WHAT IS BEING ASKED: Please copy the data below exactly; none of the pictures in it belong in the copy.

DATA EXTRACT:
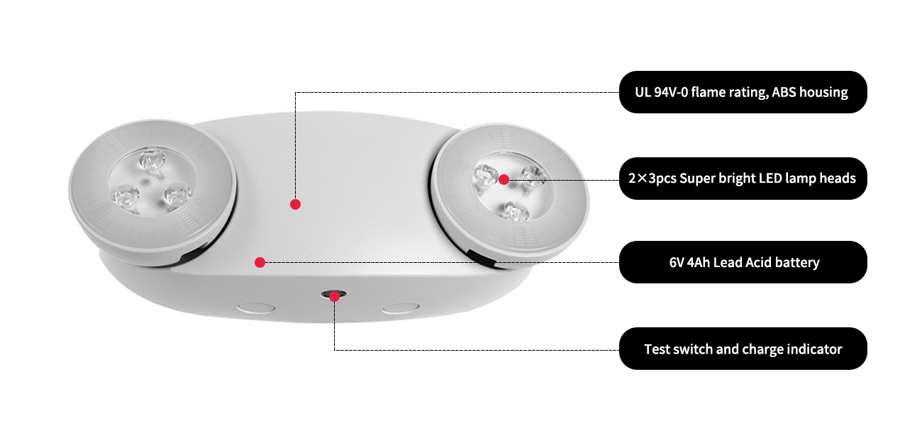 Heim / Produkt / Notlicht / Doppelkopf -Notlicht / JLEU6 UL/CUL 600LM Hochzeit mit Doppelkopf -Notlicht
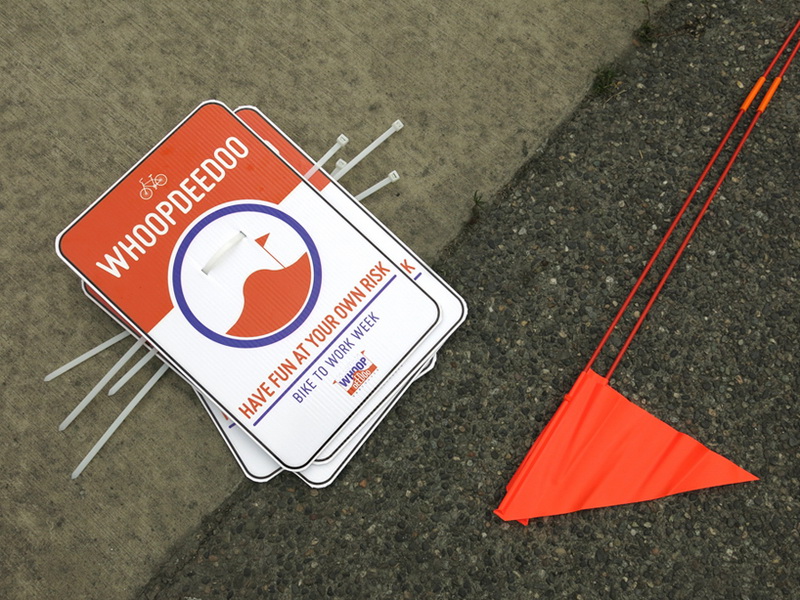 Рампы обозначены флажками, которые помогают велосипедистам лучше чувствовать габариты конструкции. Кроме того, флажки создают ощущение соревнования, в рамках которого нужно преодолеть определённое количество контрольных точек.
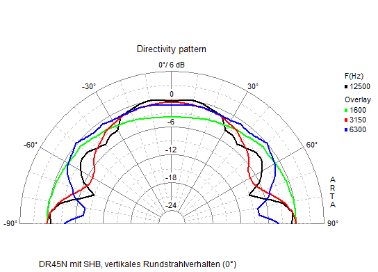 Vertikal ist die Abstrahlung bis 20 kHz sehr breit (bis +/-90° kein Abfall > -6 dB (außer bei 16 kHz)), oberhalb von 4 kHz fällt der winkelgewichtete Schalldruck in vertikaler Richtung aber stark ab.

TASK RESPONSE:
 Heim / Produkt / Notlicht / Doppelkopf -Notlicht / JLEU6 UL/CUL 600LM Hochzeit mit Doppelkopf -Notlicht
 Рампы обозначены флажками, которые помогают велосипедистам лучше чувствовать габариты конструкции. Кроме того, флажки создают ощущение соревнования, в рамках которого нужно преодолеть определённое количество контрольных точек.
 Vertikal ist die Abstrahlung bis 20 kHz sehr breit (bis +/-90° kein Abfall > -6 dB (außer bei 16 kHz)), oberhalb von 4 kHz fällt der winkelgewichtete Schalldruck in vertikaler Richtung aber stark ab.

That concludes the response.